Additionally, the AMS result from the small Meretrix marine bivalve findspot of SRN–103 (GrA–59828) demonstrates that the area of Cape Monze had already been visited by Neolithic shellfish gatherers around the end of the seventh millennium BP (Figure 3 & Table 1). Dates of this period have been obtained from other shell scatters discovered along the Las Bela coast and the rocky outcrops rising from the Indus delta (Reference BiagiBiagi 2011, 2013; Biagi et al. 2013).

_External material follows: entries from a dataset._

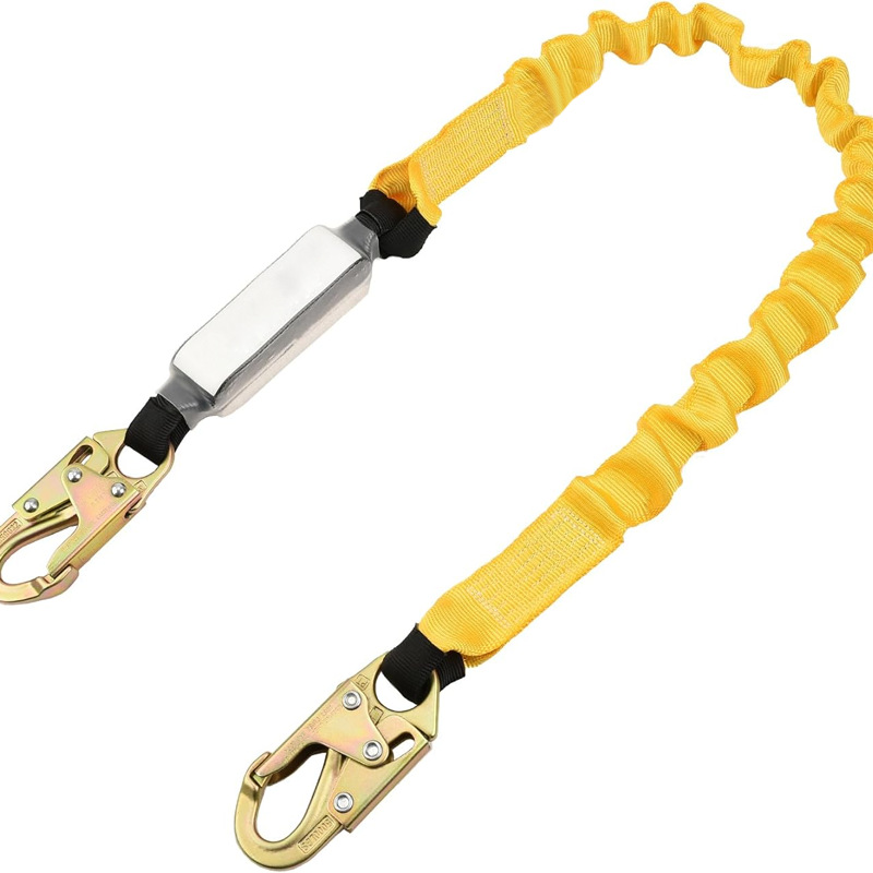 ヨーロッパ式安全ロープ6フィートショックアブソーバー付き伸縮可能安全ロープ付きダブルフックはANSIZ規格に適合しています。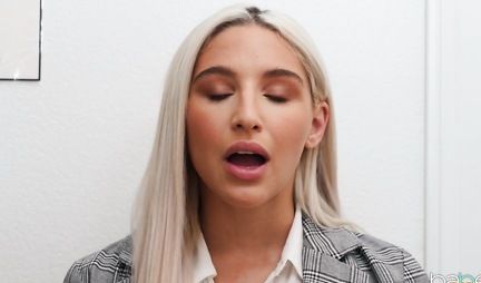 Блондинка в офисе трусит булочками во время секса с очкариком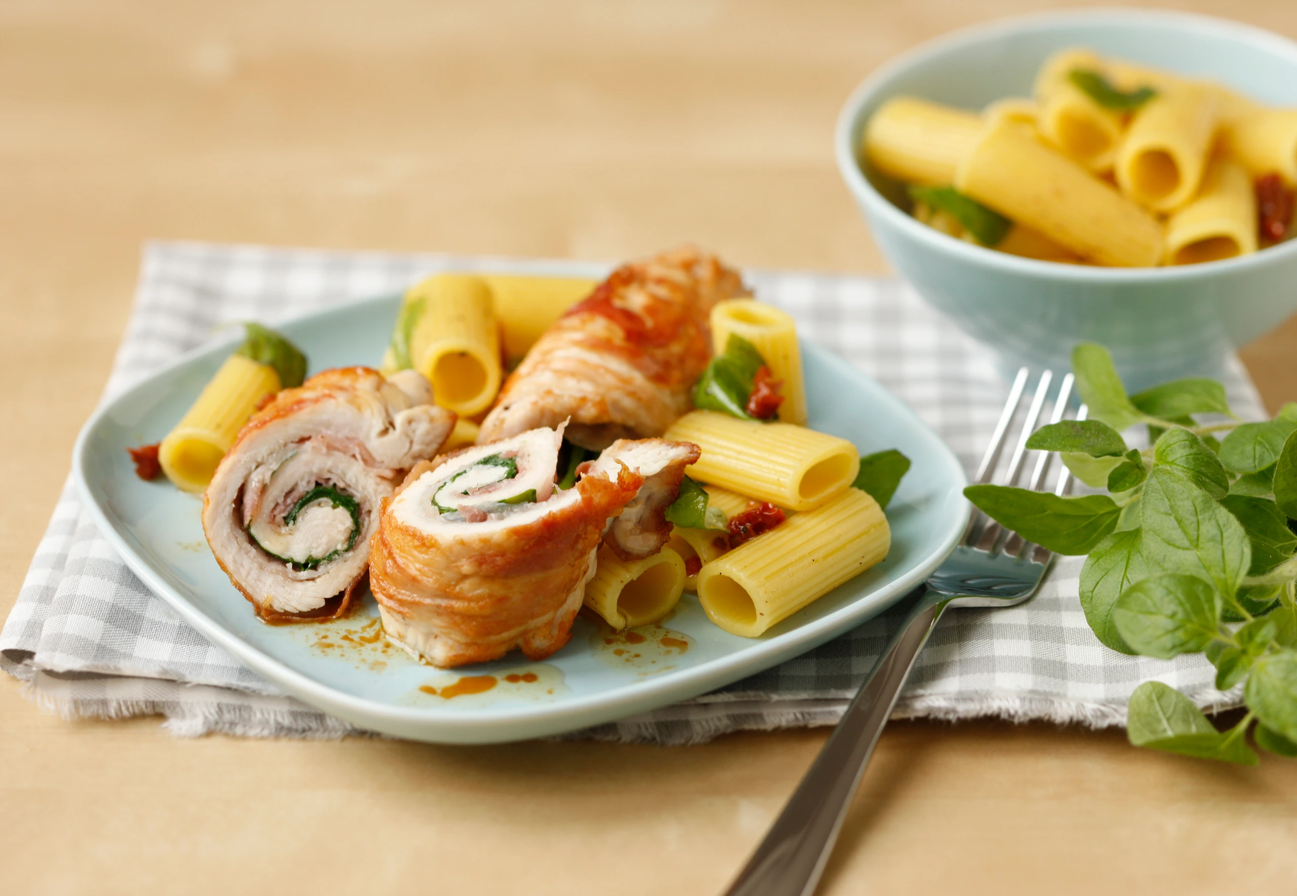 - Röllchen aus dem Rohr nehmen, Zahnstocher entfernen. Röllchen quer halbieren und mit den Rigatoni anrichten.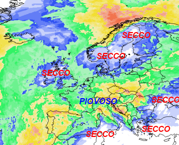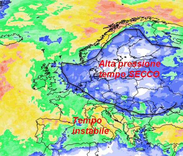 Un vasto “buco precipitativo” sarà presente su quasi tutta l’Europa orientale e la vicina Russia dove campeggerà una forte zona anticiclonica. L’Italia non farà parte del gruppo ed avrà ancora tempo instabile con frequenti piogge e temperature nel complesso fresche.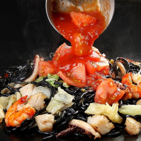 真っ黒な麺に鮮やかなトマトソースがかかった、目にも鮮やかなインパクトある一品。旨みの強い塩味(ソース味バージョンもあり)で炒めた竹炭そばに、酸味の効いたトマトソースが織りなす絶妙なハーモニーは、奇跡のコラボ。さらに、竹炭は、豊富なミネラルを含む素材で、健康や美容にもいい★是非一度ご賞味あれ♪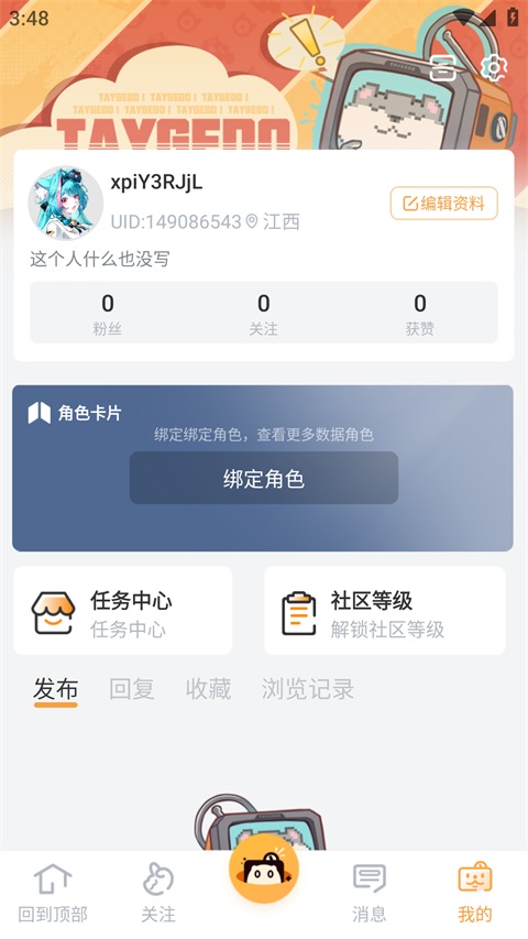 1、登录游戏账号后,进入App“我的”板块,点击绑定角色;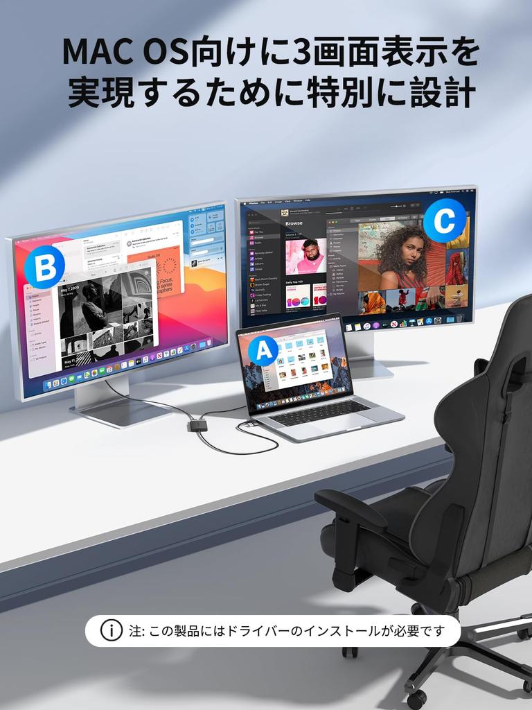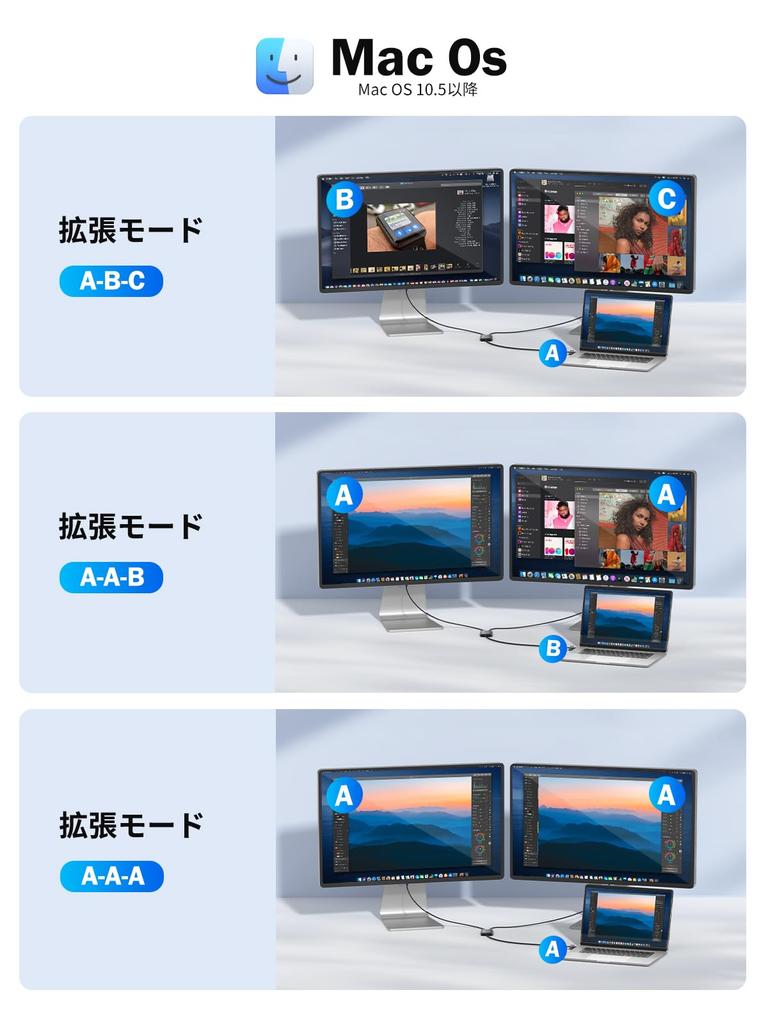 [В MAC OS/Windows OS поддерживаются 3 различных экрана] В предыдущих версиях Mac OS дублировать один и тот же экран можно было только в расширенном режиме, но не было функции вывода трех различных экранов.. Однако этот двойной адаптер-преобразователь HDMI (модель: HD10) оснащен инновационной технологией, позволяющей выводить изображение на три разных экрана независимо даже в расширенном режиме Mac OS. MacOS поддерживает режимы AAA и ABC. Windows поддерживает режимы AAA, AAB, ABB, ABC 4. Поддерживает только разрешения до 1920x1080@60Гц для Windows 11, Windows 10, Mac OS 10.15 и более поздних версий.. уведомление: ① Требуется установка драйвера "Udisplay". ②ChromeOS, Android, iOS, Linux и Unix не поддерживаются.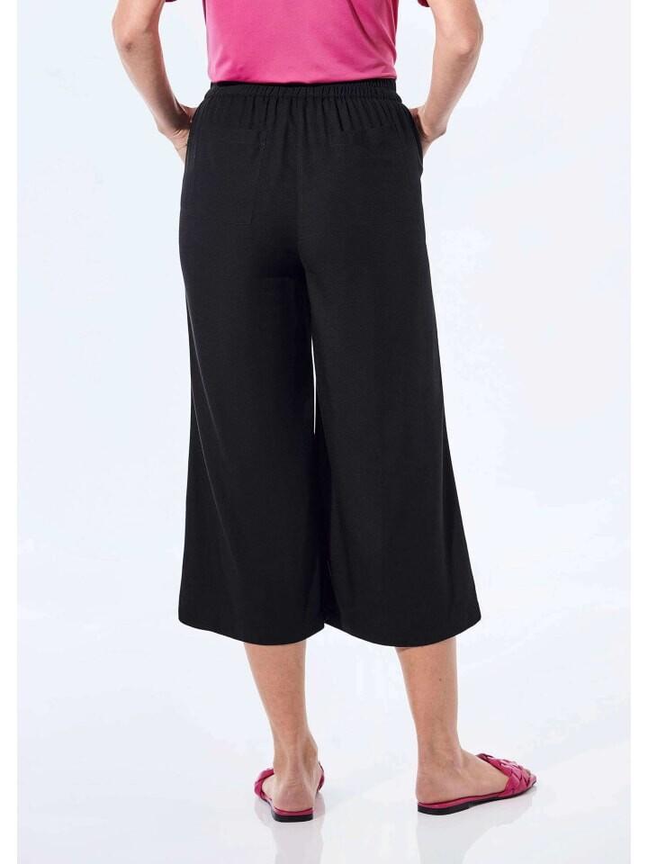 Брюки из воздушной, легкой вискозы. Идеально подходит для теплых дней, обеспечивает максимальный комфорт и приятное ощущение на коже. Удобный эластичный пояс позволяет легко надевать и снимать, а боковые и задние карманы не только практичны, но и расставляют стильные акценты. Укороченная длина придает брюкам современный вид. Ширина низа около 67 см.

This new result from Sonari SRN–103 confirms the impression that Neolithic communities had moved along the northern shores of this part of the Arabian Sea by at least the seventh millennium BP, to exploit the abundant mangrove and marine resources of the coast.
Acknowledgements
The 2013 and 2014 fieldwork seasons in Lower Sindh and Las Bela were made possible thanks to the financial support of Ca’ Foscari University Archaeology Funds (Venice), and the Italian Ministry of Foreign Affairs (MAE). Particular thanks are due to EURAL Gnutti S.p.A. (Rezzato, Brescia) for financing some of the AMS dates presented in this paper, and Professor S. Akhtar of the Department of Geography, Karachi University, for his kind assistance during the August 2013 season.